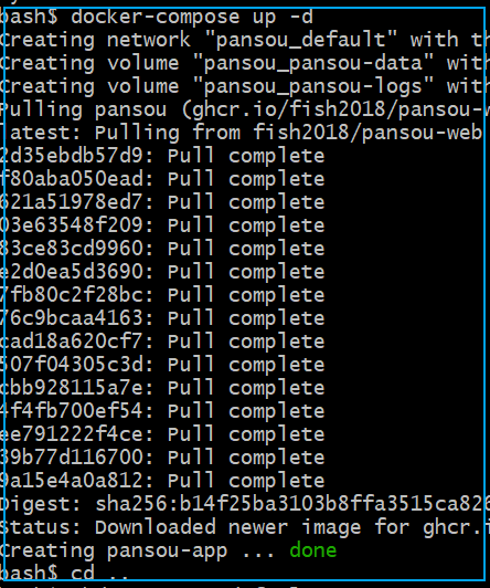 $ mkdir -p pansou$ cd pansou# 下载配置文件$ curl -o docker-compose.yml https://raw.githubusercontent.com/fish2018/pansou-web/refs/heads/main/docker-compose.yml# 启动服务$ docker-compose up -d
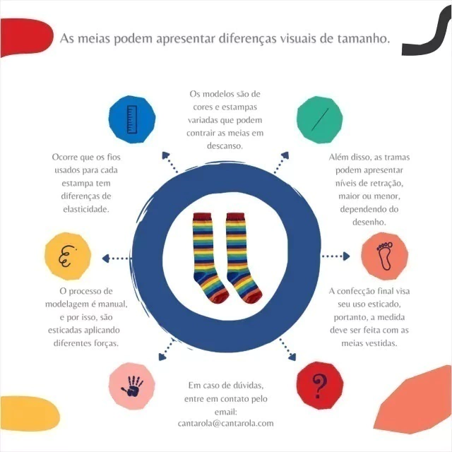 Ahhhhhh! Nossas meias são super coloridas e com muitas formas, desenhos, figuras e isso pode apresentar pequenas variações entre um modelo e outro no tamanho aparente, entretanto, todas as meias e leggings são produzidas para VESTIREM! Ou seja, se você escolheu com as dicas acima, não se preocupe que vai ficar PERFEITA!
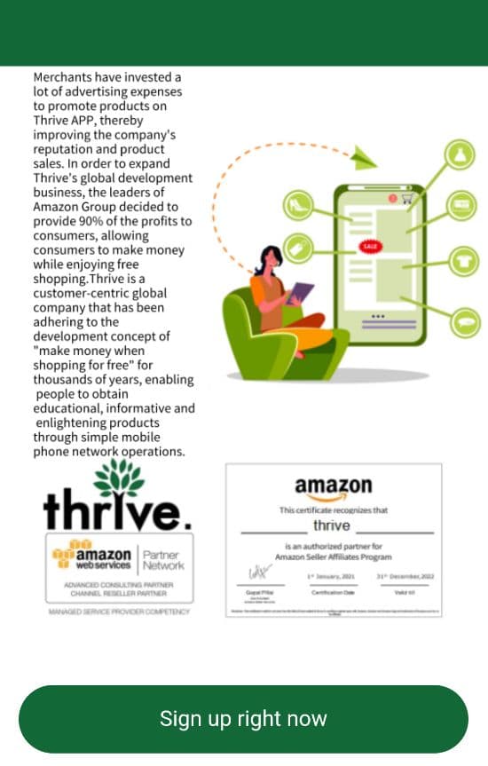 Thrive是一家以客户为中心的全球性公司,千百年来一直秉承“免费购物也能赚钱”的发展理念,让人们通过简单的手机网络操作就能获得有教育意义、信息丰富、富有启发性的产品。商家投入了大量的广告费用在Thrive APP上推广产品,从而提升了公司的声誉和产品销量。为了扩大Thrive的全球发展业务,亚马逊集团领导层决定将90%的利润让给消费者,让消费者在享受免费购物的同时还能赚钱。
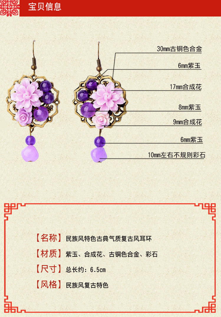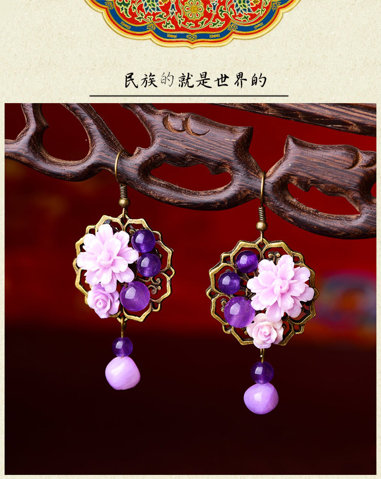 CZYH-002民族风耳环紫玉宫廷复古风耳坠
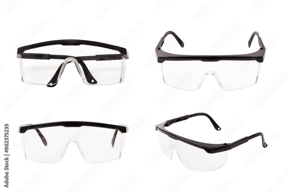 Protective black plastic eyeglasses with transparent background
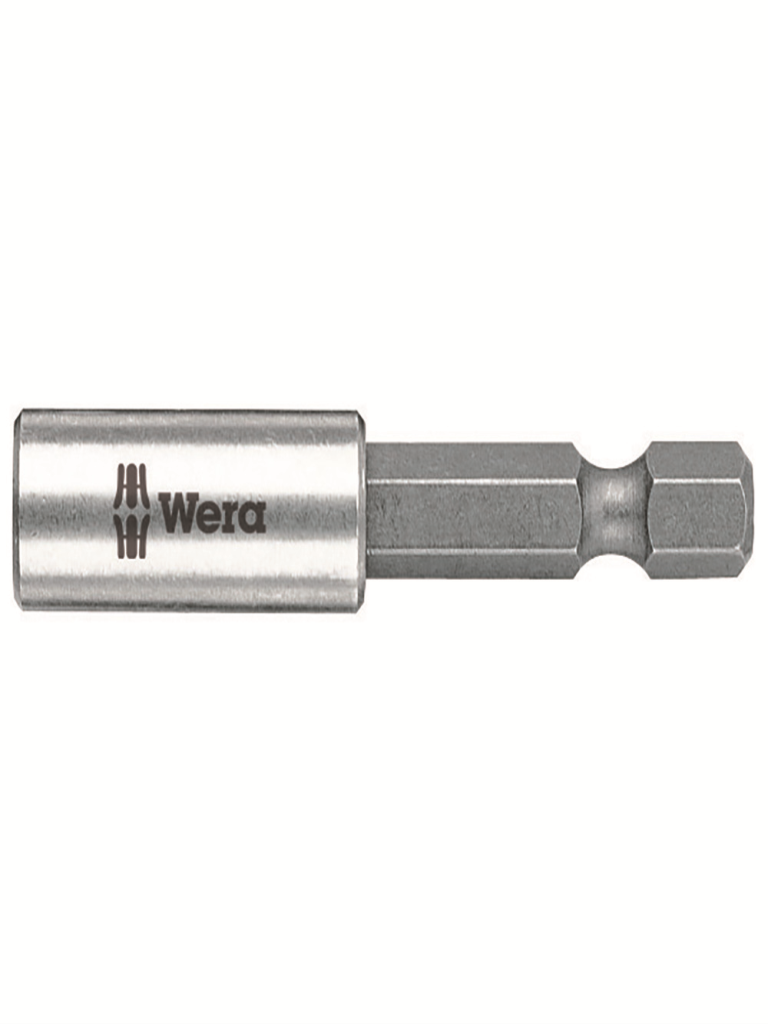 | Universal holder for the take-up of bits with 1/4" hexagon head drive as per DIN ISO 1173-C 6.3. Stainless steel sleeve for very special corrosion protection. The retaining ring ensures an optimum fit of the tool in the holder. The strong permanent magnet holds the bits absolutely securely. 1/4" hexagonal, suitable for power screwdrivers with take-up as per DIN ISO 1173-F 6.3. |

> **To do**:
Please give again only the lines from the one containing "CZYH-002民族风耳环紫玉宫廷复古风耳坠" through the last line of the entries above, exactly as they stand and without pictures.

> **Solution for this problem**:
 CZYH-002民族风耳环紫玉宫廷复古风耳坠
 Protective black plastic eyeglasses with transparent background
 | Universal holder for the take-up of bits with 1/4" hexagon head drive as per DIN ISO 1173-C 6.3. Stainless steel sleeve for very special corrosion protection. The retaining ring ensures an optimum fit of the tool in the holder. The strong permanent magnet holds the bits absolutely securely. 1/4" hexagonal, suitable for power screwdrivers with take-up as per DIN ISO 1173-F 6.3. |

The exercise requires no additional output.